When Schoenberg began using ordered sets, he was creating atonality.

As to the "they all look alike," the cumulative effect of adding notes to an unordered set might be mistakenly seen as a creeping-in of "redundancy" and lack of variation, as this chart from Howard Hanson's Harmonic Materials of Modern Music shows:


> _p=perfect fifth (or fourth) _
> _m=major third (minor sixth)_
> _n=minor third (major sixth)_
> _s=major second (minor seventh)_
> ...


Which is all fine and well when dealing with scale-sets in harmonically-related ways, as unordered sets.

This statement is where Hanson falters: 
*
*


> *"This is probably the greatest argument against the rigorous use of atonal theory in which all 12 notes are used in a single melodic or harmonic pattern. These constructs begin to lose contrast, and a monochromatic effect emerges." *



-----------------------

There is a flaw in Hanson's statement about atonality, however. The chart above assumes that these additional added notes all refer to every other element of the set, like an unordered scale does: in scales, each pitch shares an interval with every other pitch in the scale.

But ordered tone rows relate only to each other (each preceding and succeeding note).

Ordered tone rows are used for their intervallic properties, as precise sequences of intervals. These intervals possess sonority, in terms of consonance/dissonance.

The row-sets, although usable melodically as "themes" or motives, are not referenced to a single tonic, as an unordered scale is, so the above chart of "creeping redundancy" is really only applicable to unordered sets, i.e. scales, as Hanson was using them.

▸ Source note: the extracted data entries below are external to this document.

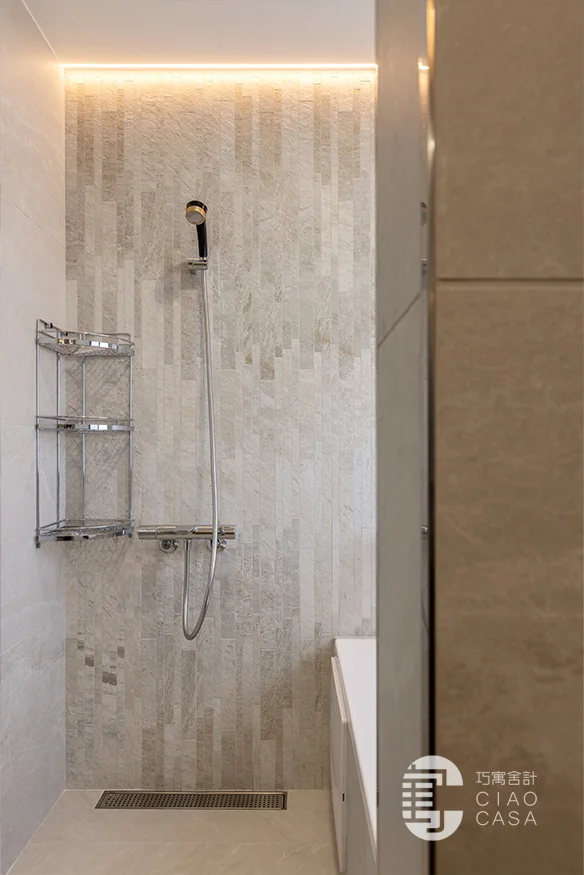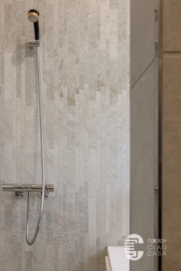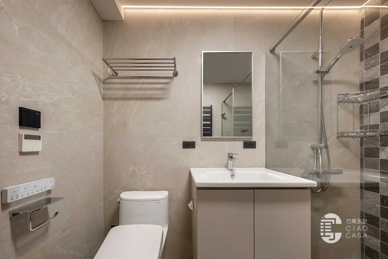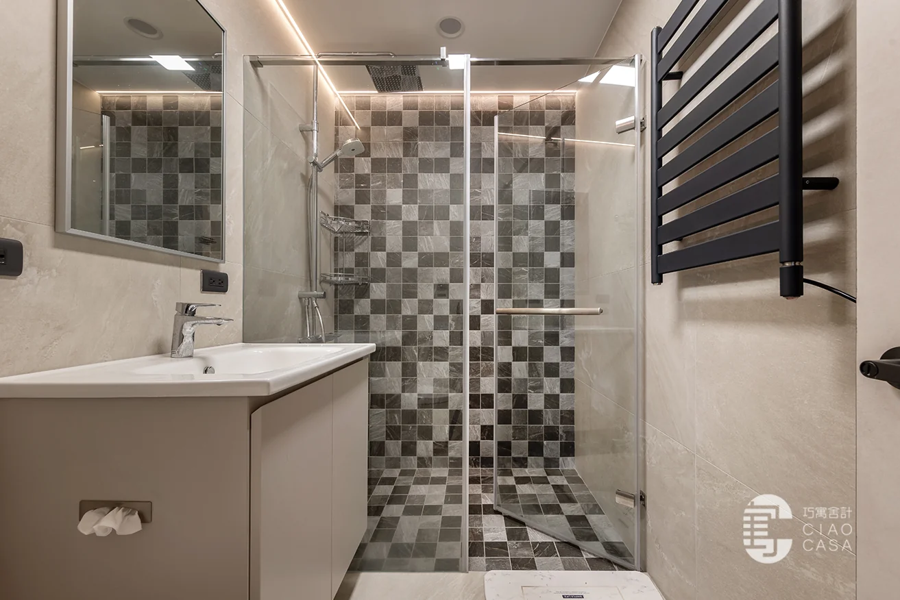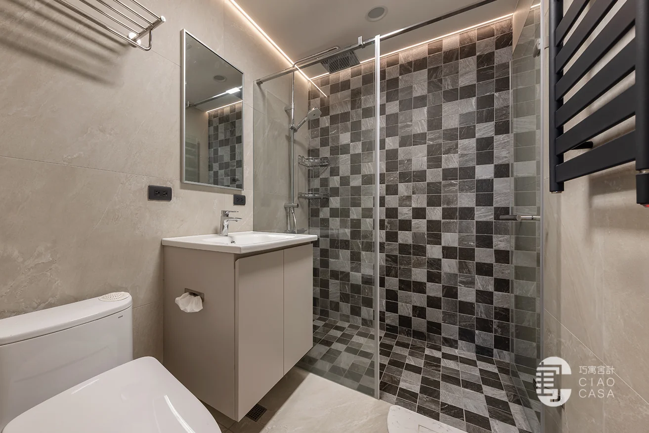 淋浴區以黑白灰馬賽克磚交織鋪設,覆蓋牆面與地面,兼具止滑功能;同時在若隱若現的光影中,鋪陳出摩登雅致的氛圍,映照居者的審美意趣。
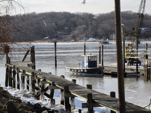 A dock in Northport village could be Maine, gulls and all. Northport is known to be picturesque, but many of the commercial photographs concentrate on summer evenings. The iced harbor hosts a wind that bites to the bone and sucks heat out no matter how warmly dressed you are.
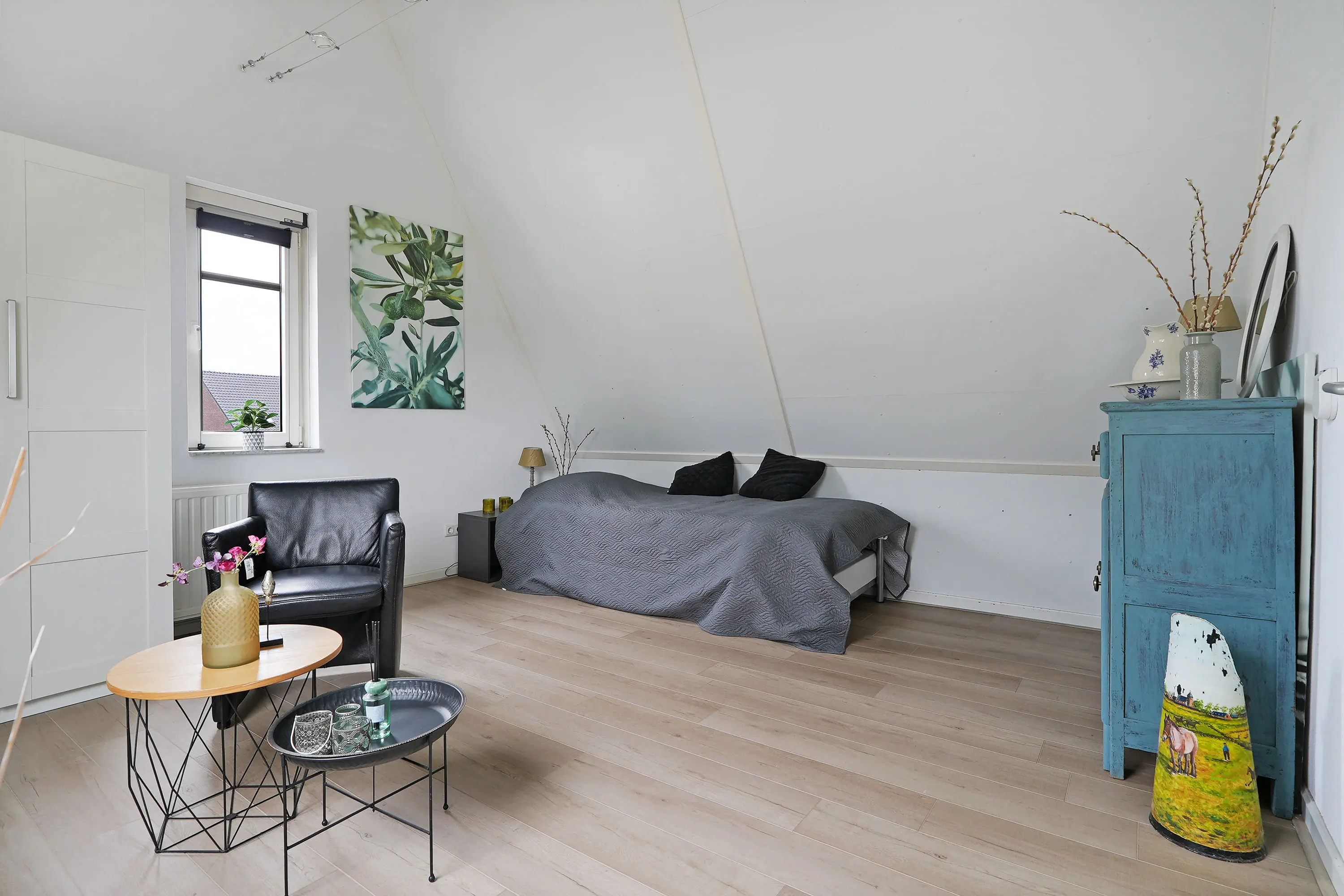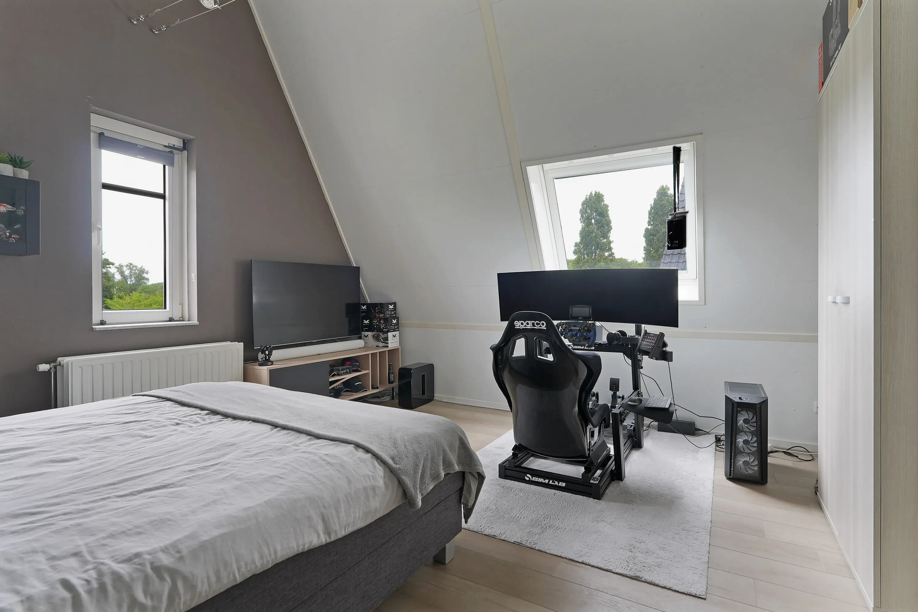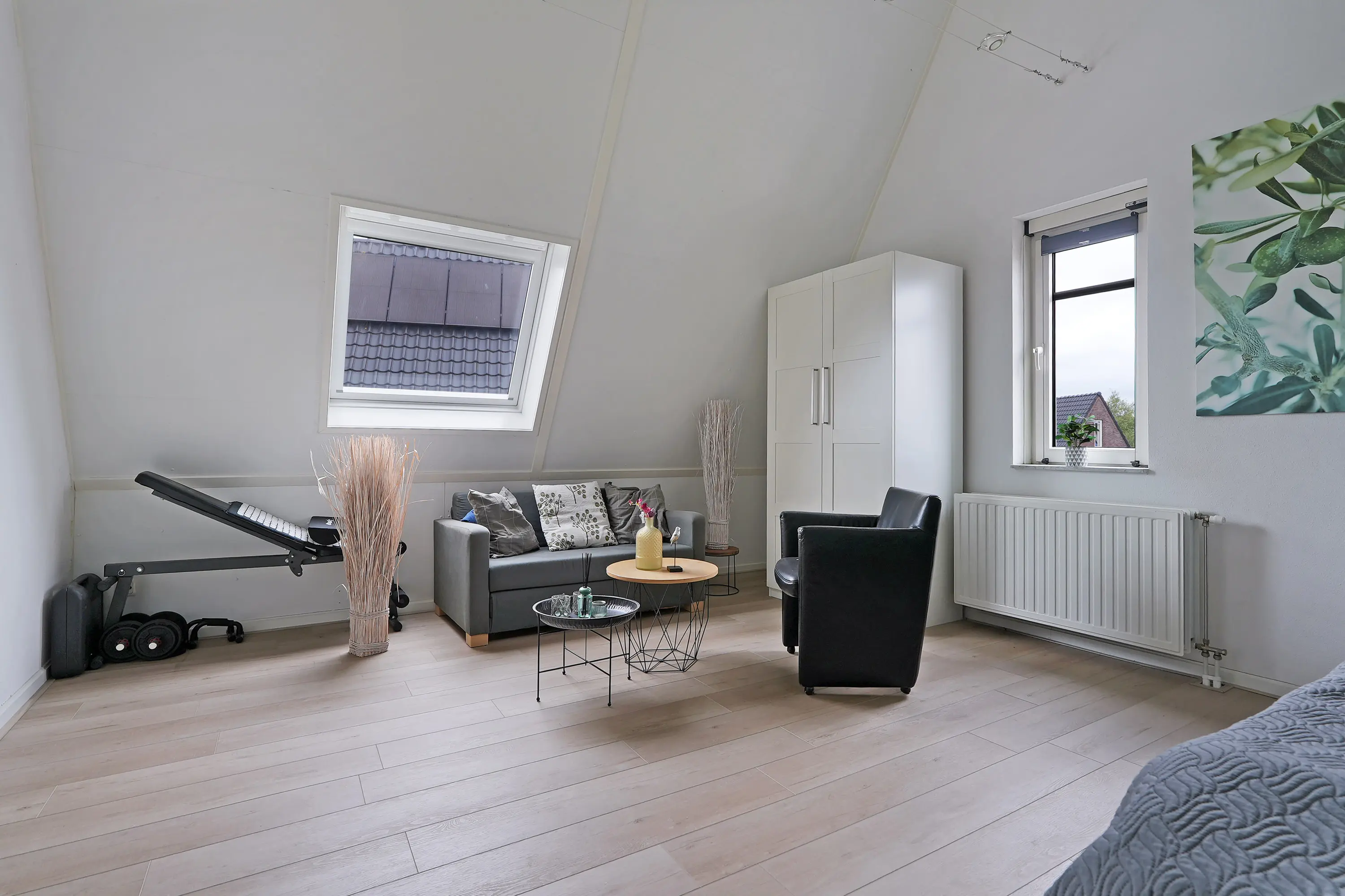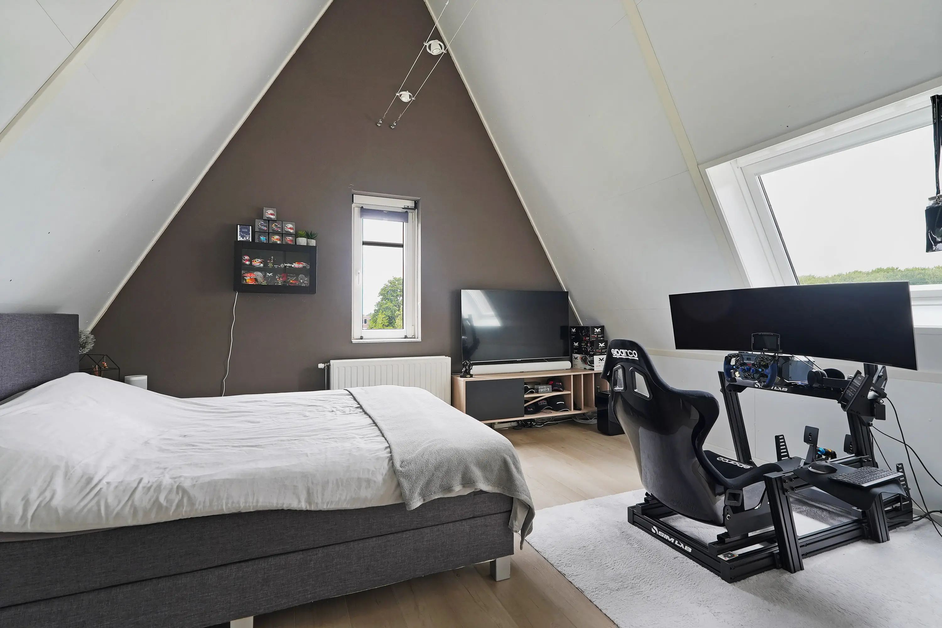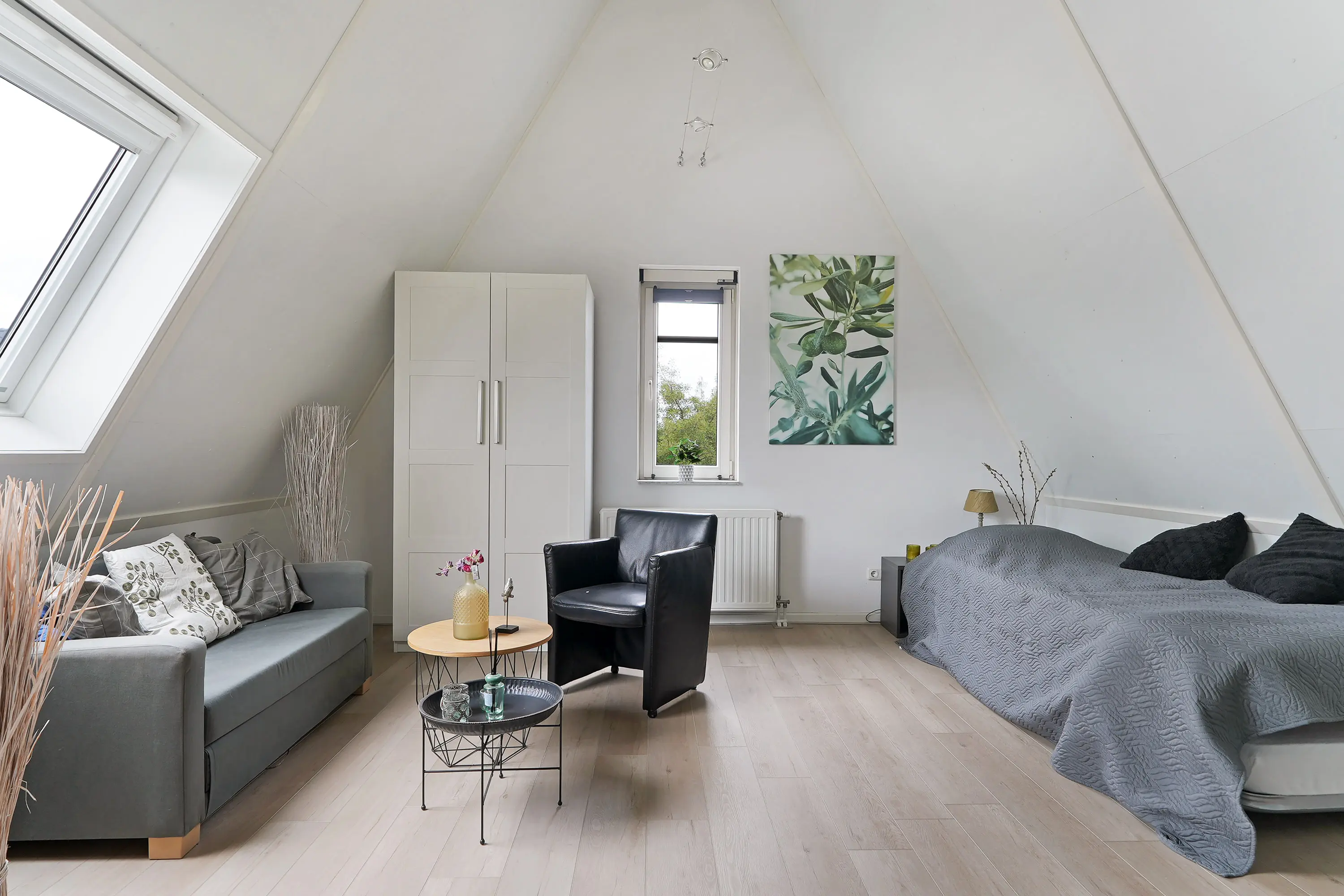 Bereikbaar via de vaste trapopgang bereikt u een meer dan volwaardige verdieping met een bijzonder hoge nok. De overloop biedt toegang tot nog eens 2 zeer ruime slaapkamers met grote dakramen en raampartijen in de kopgevels. Op de overloop treft u verder vaste kasten en een ruimte met daar de hybride warmtepomp. Via de vlizotrap bereikt u de opbergzolder.

This underscores the true primary significance of ordered sets: as conveyors of intervallic sonority due to their interval differences (not primarily as melodic entities). The most "variety" and unity comes from these intervallic sonorities, which Webern seemed to understand the best of the "Big 3." Schoenberg was still playing with "themes" and seemed to be more concerned with this aspect of the row.


----------